Leave out the images; return the rest of the data exactly.

» **Provided entries**
++++++
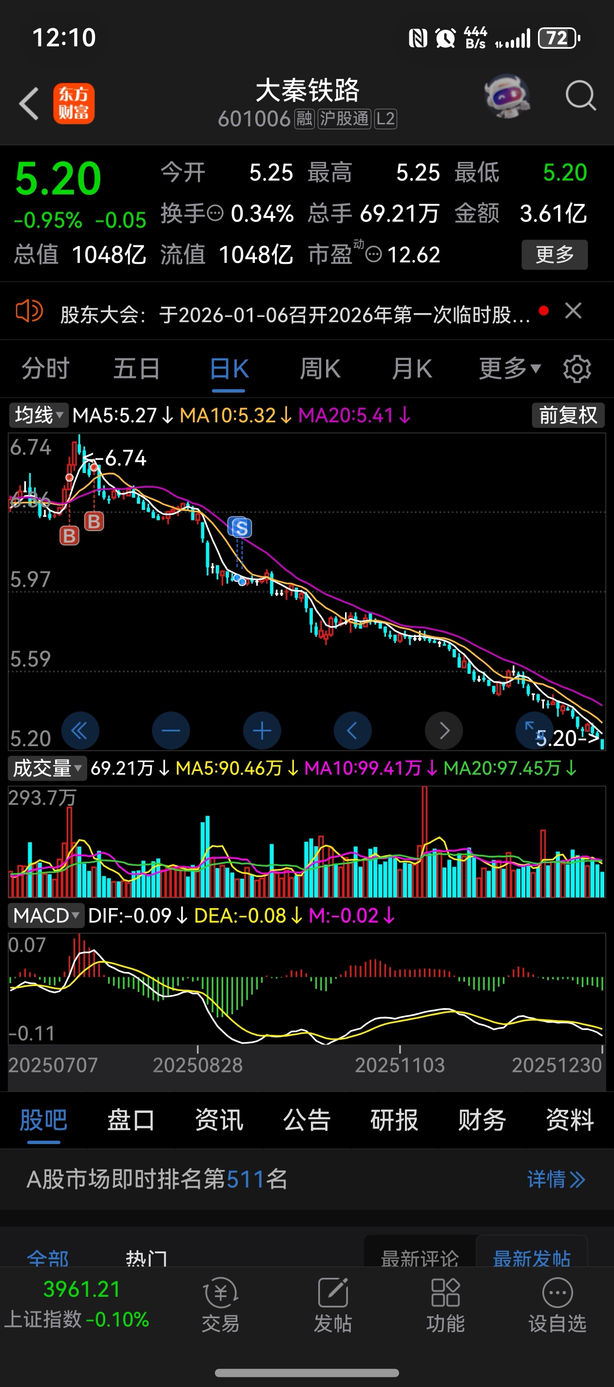 $大秦铁路(SH601006)$ 还好,跑得快,又创新低
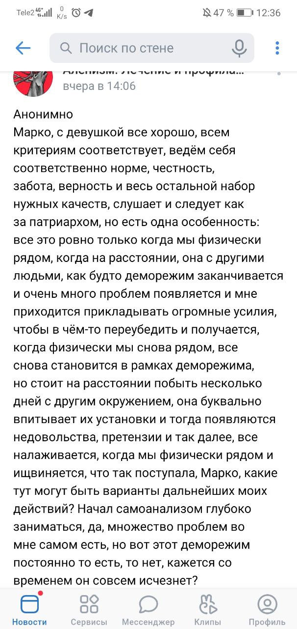 Еще вспомнила: когда начались ссоры между нами, я его посылала, он пинговал как обычно, и что он мне сказал: мы молодая пара, у нас начинаются отношения, я исправлюсь (ему 40, мне 48 было) Ага, исправится, не меняются они, все понимают что делают. Ржу до сих пор когда вспомню: молодая пара🤣
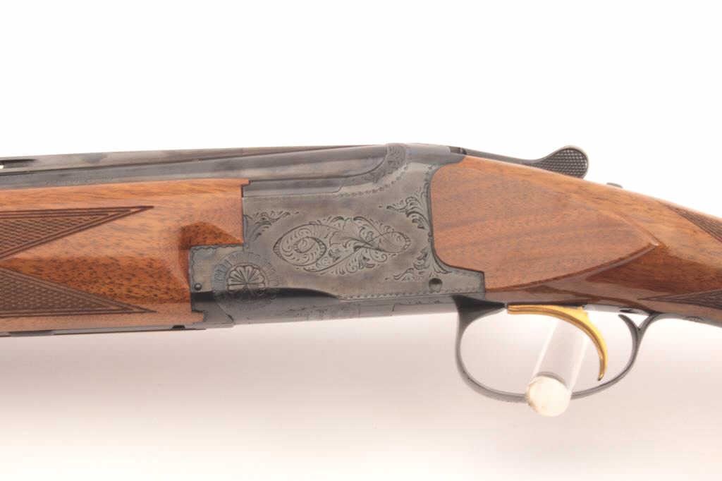 Browning Lightning Superposed 20GA O/U Shotgun, Belgium made with long tang and round knob, S/N 40715V6 with 28” barrels choked full and modified. 96%-99% with minor use. Luggage case included. Original buttplate. (Modern) Est.: $1500-$3000
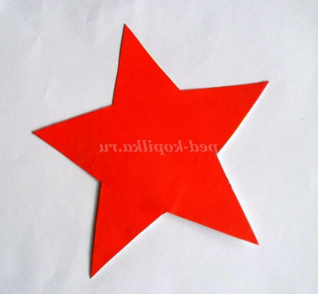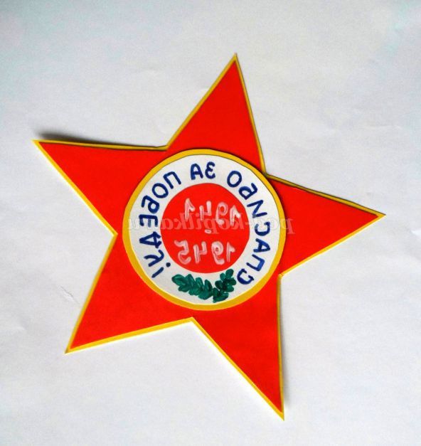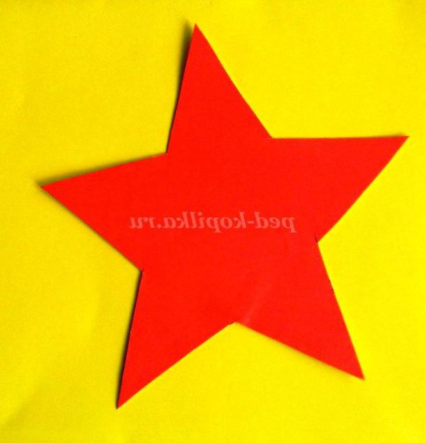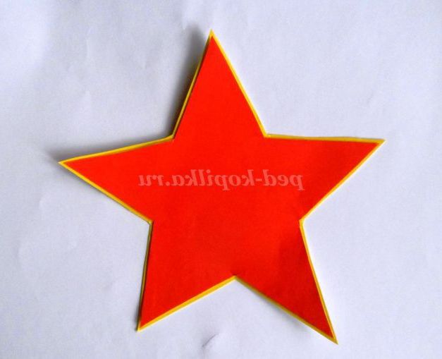 8. Червону зірку наклеїти на папір жовтого кольору і вирізати по жовтому контуру, відступаючи 2-3 мм
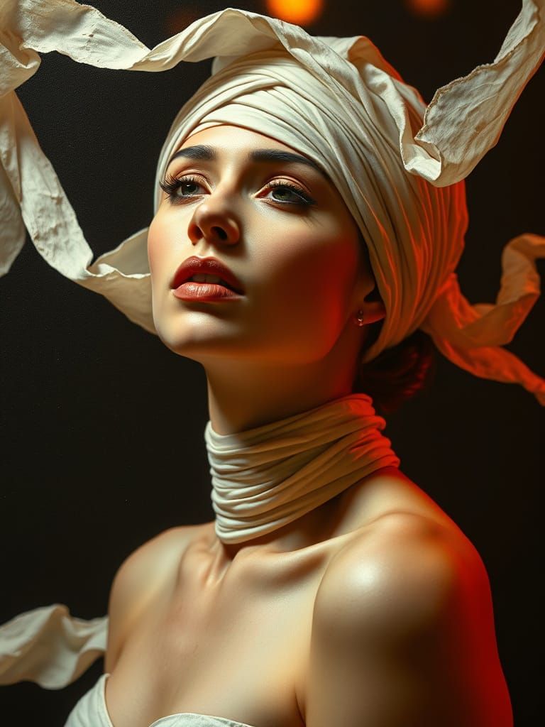This image shows a woman wrapped in mummy bandages in a dramatic pose under stage lights. The scene features an ultra-realistic performance art aesthetic with rich, earthy tones.
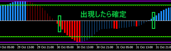 僕の場合ですと、オシレーターの色転換2個目 あるいはオシレーターDXがクロスした直後の2つが優位性が高いと感じています。
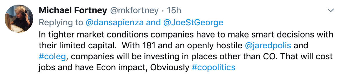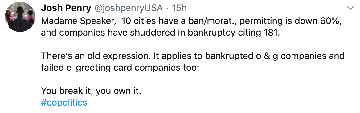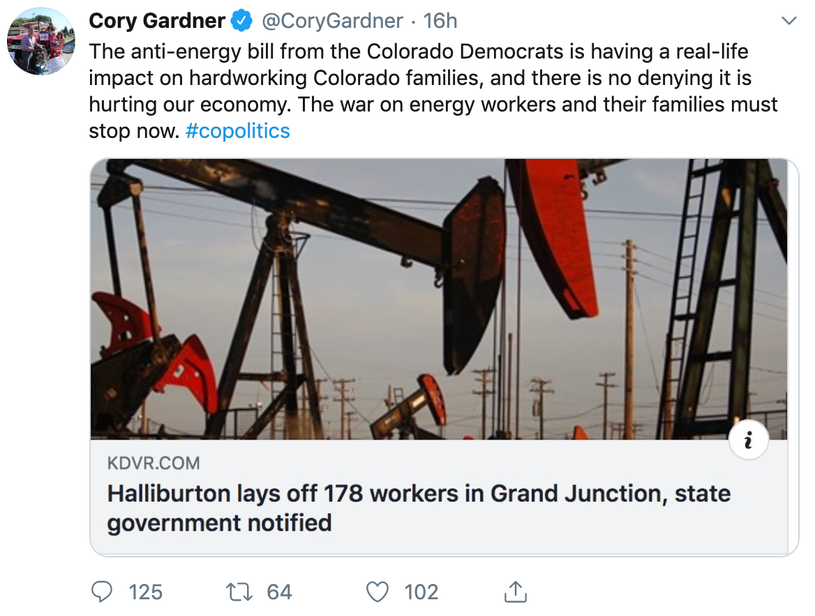 The last 24 hours have witnessed a remarkable turn of events that has played out mostly on social media, and resulted in considerable embarrassment for local Republicans and the fossil fuel energy industry PR people who they work closely with. The long battle this year over Senate Bill 19-181, landmark legislation reforming the mission of the Colorado Oil and Gas Conservation Commission that passed this year, has been a story of hyperbole and engineered backlash slowly giving way to the reality of a law that, while reforming regulatory oversight of oil and gas drilling to prioritize public safety over “fostering” more oil and gas drilling, does not represent anything like the disaster for the industry Republicans and industry flacks like the Colorado Oil and Gas Association warned it would be.
++++++
» **Task solution**
 $大秦铁路(SH601006)$ 还好,跑得快,又创新低
 Еще вспомнила: когда начались ссоры между нами, я его посылала, он пинговал как обычно, и что он мне сказал: мы молодая пара, у нас начинаются отношения, я исправлюсь (ему 40, мне 48 было) Ага, исправится, не меняются они, все понимают что делают. Ржу до сих пор когда вспомню: молодая пара🤣
 Browning Lightning Superposed 20GA O/U Shotgun, Belgium made with long tang and round knob, S/N 40715V6 with 28” barrels choked full and modified. 96%-99% with minor use. Luggage case included. Original buttplate. (Modern) Est.: $1500-$3000
 8. Червону зірку наклеїти на папір жовтого кольору і вирізати по жовтому контуру, відступаючи 2-3 мм
This image shows a woman wrapped in mummy bandages in a dramatic pose under stage lights. The scene features an ultra-realistic performance art aesthetic with rich, earthy tones.
 僕の場合ですと、オシレーターの色転換2個目 あるいはオシレーターDXがクロスした直後の2つが優位性が高いと感じています。
 The last 24 hours have witnessed a remarkable turn of events that has played out mostly on social media, and resulted in considerable embarrassment for local Republicans and the fossil fuel energy industry PR people who they work closely with. The long battle this year over Senate Bill 19-181, landmark legislation reforming the mission of the Colorado Oil and Gas Conservation Commission that passed this year, has been a story of hyperbole and engineered backlash slowly giving way to the reality of a law that, while reforming regulatory oversight of oil and gas drilling to prioritize public safety over “fostering” more oil and gas drilling, does not represent anything like the disaster for the industry Republicans and industry flacks like the Colorado Oil and Gas Association warned it would be.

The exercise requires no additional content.